For Wayne Tuck Jr. the `hammer_progression` attribute can be interpreted as follows: 

* After end 1: Wayne had hammer
* After end 2: Wayne didn't have hammer
* After end 3: Wayne had hammer
* And so on and so forth..

```python
normalized_boxscore.normalized_half_boxscore_pair[-1]
```




    NormalizedHalfBoxscore(team_name='Matthew Hall', href='event.php?view=Team&eventid=6400&teamid=144347&profileid=12435#1', hammer=False, score=['0', '0', '4', '0', '0', '1', '0', '0', '0', '2'], finalscore='7', hammer_progression=[False, True, False, False, False, False, True, True, True, False], normalized_score=[0, -2, 2, 2, 2, 3, 2, 1, 0, 2])

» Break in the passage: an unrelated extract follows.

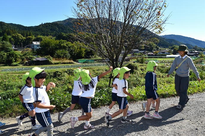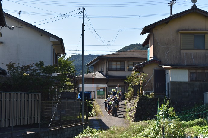 大原の広々とした景色が広がります。左右の畑の黒い土の香りが漂ってきそうな空気をみんなで胸いっぱいに吸いながら歩きました。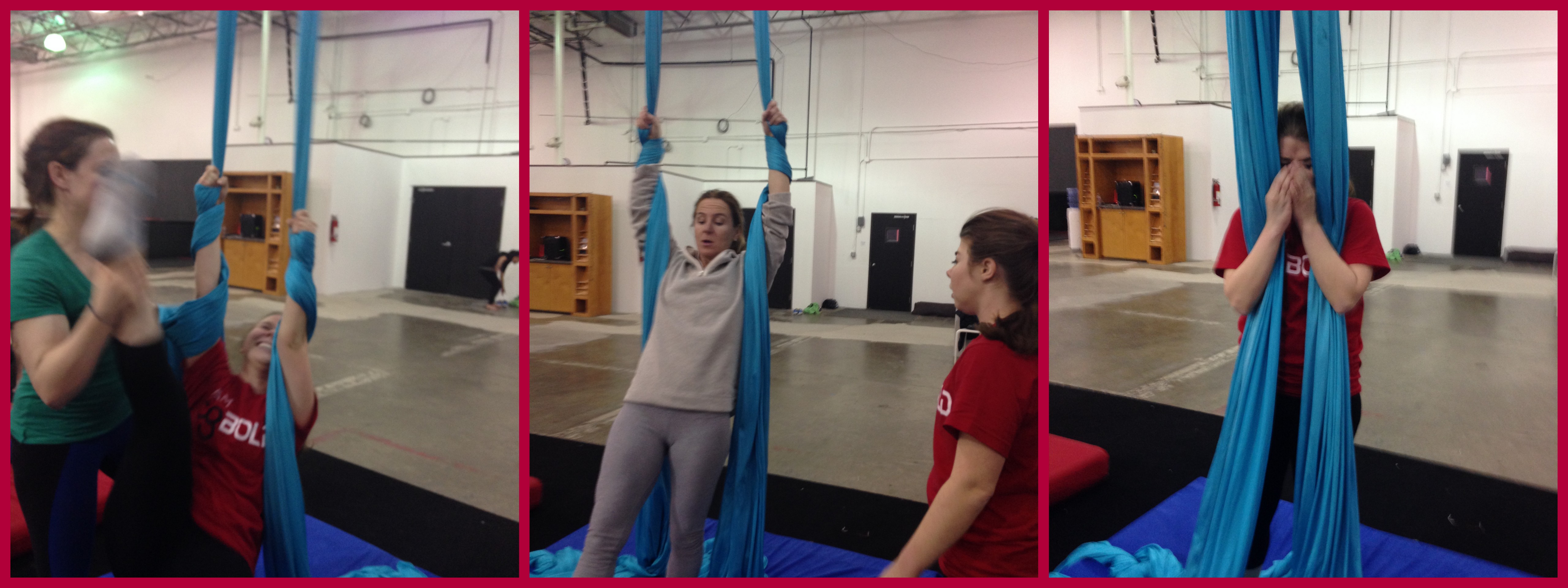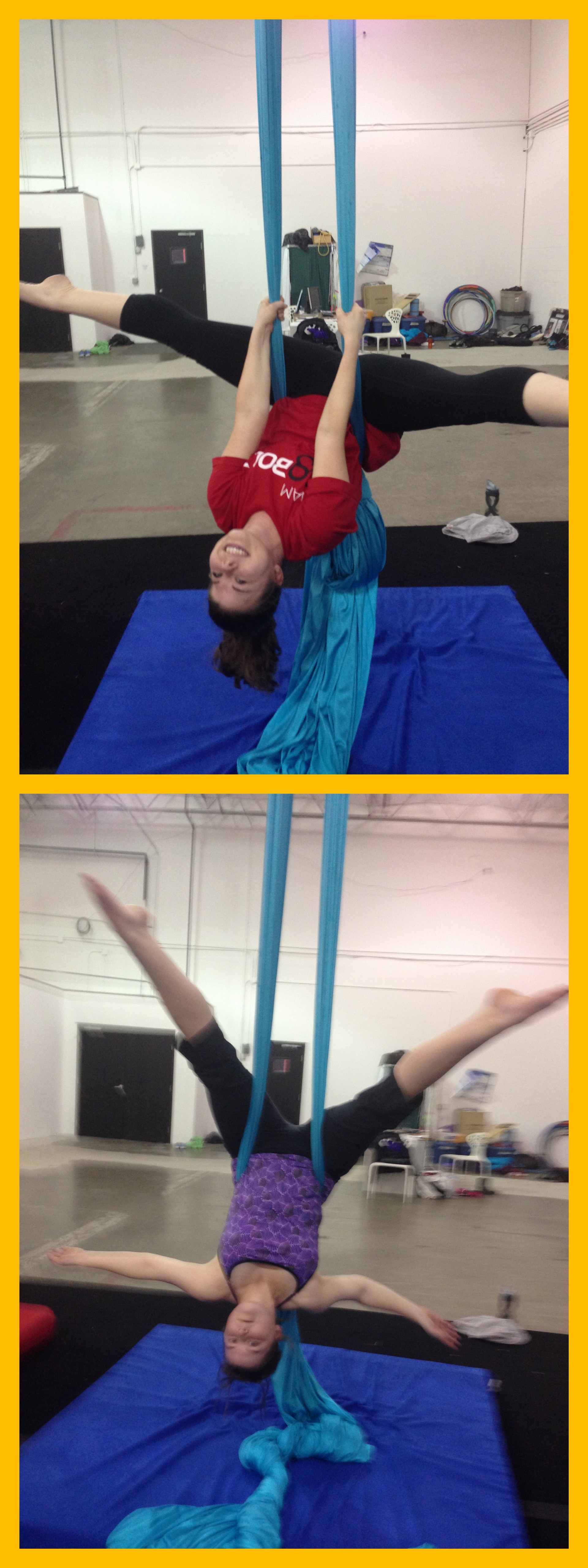 In order to do these moves, you wrap your arms in the silks, jump, and hurl your feet at your face so that you flip over backwards until your legs are straight up in the air. Once you got the hang of that, you were supposed to slowly scissor your legs to the front and back. Once you got the hang of that, you were supposed to slide your back leg down the silk until your back was arched and you looked really cool.

For Matthew Hall, the `normalized_score` attribute can be interpreted as follows:

* After end 1: Matthew was tied.
* After end 2: Matthew was down 2.
* After end 3: Matthew was up 2.
* And so on and so forth..

You'll also notice the `NormalizedBoxscore` object has a guid property which identifies that two `NormalizedHalfBoxscore` belong to the same game.

```python
normalized_boxscore.guid
```




    64730384393780475526149827004054085680



czapi's `get_flat_boxscores_from` function takes a `LinescorePage` as an argument and returns a (flat) nested list object of all the boxscore information on the linescore page. This nested list object can be ingested into a pandas DataFrame or pushed to a SQL database.

```python
api.get_flat_boxscores_from(linescore_page = linescore_page)
```




    [['Wayne Tuck Jr.',
      'event.php?view=Team&eventid=6400&teamid=144353&profileid=12486#1',
      True,
      ['0', '2', '0', '0', '0', '0', '1', '1', '1', '0'],
      '5',
      [True, False, True, True, True, True, False, False, False, True],
      [0, 2, -2, -2, -2, -3, -2, -1, 0, -2],
      64730384393780475526149827004054085680],
     ['Matthew Hall',
      'event.php?view=Team&eventid=6400&teamid=144347&profileid=12435#1',
      False,
      ['0', '0', '4', '0', '0', '1', '0', '0', '0', '2'],
      '7',
      [False, True, False, False, False, False, True, True, True, False],
      [0, -2, 2, 2, 2, 3, 2, 1, 0, 2],
      64730384393780475526149827004054085680],
     ['Dayna Deruelle',
      'event.php?view=Team&eventid=6400&teamid=144347&profileid=12435&eventid=6400&teamid=144346&profileid=26636#1',
      False,
      ['0', '0', '1', '0', '0', '0', '0', 'X'],
      '1',
      [False, True, False, True, True, True, True],
      [0, -2, -1, -3, -4, -5, -9],
      75500335560895025960417581608763223393],
     ['Tyler Stewart',
      'event.php?view=Team&eventid=6400&teamid=144347&profileid=12435&eventid=6400&teamid=144352&profileid=12477#1',
      True,
      ['0', '2', '0', '2', '1', '1', '4', 'X'],
      '10',
      [True, False, True, False, False, False, False],
      [0, 2, 1, 3, 4, 5, 9],
      75500335560895025960417581608763223393],
     ['Mark Kean',
      'event.php?view=Team&eventid=6400&teamid=144352&profileid=12477&eventid=6400&teamid=144348&profileid=25961#1',
      True,
      ['2', '0', '1', '0', '0', '0', '1', '3', 'X'],
      '7',
      [True, True, False, False, True, True, False, False],
      [2, 2, 3, 3, 1, 0, 1, 4],
      17220047150342431879853352856338106525],
     ['Jason March',
      'event.php?view=Team&eventid=6400&teamid=144352&profileid=12477&eventid=6400&teamid=144350#1',
      False,
      ['0', '0', '0', '0', '2', '1', '0', '0', 'X'],
      '3',
      [False, False, True, True, False, False, True, True],
      [-2, -2, -3, -3, -1, 0, -1, -4],
      17220047150342431879853352856338106525],
     ['Richard Krell',
      'event.php?view=Team&eventid=6400&teamid=144350&profileid=0&eventid=6400&teamid=144349&profileid=25962#1',
      True,
      ['2', '0', '1', '0', '2', '1', '1', 'X'],
      '7',
      [True, True, False, True, False, False, False],
      [2, 2, 3, 2, 4, 5, 6],
      121287577363239613372599594369672773573],
     ['Rob Ainsley',
      'event.php?view=Team&eventid=6400&teamid=144350&profileid=0&eventid=6400&teamid=144345&profileid=15779#1',
      False,
      ['0', '0', '0', '1', '0', '0', '0', 'X'],
      '1',
      [False, False, True, False, True, True, True],
      [-2, -2, -3, -2, -4, -5, -6],
      121287577363239613372599594369672773573]]



## About czapi
czapi is a Python library for scraping curling linescores.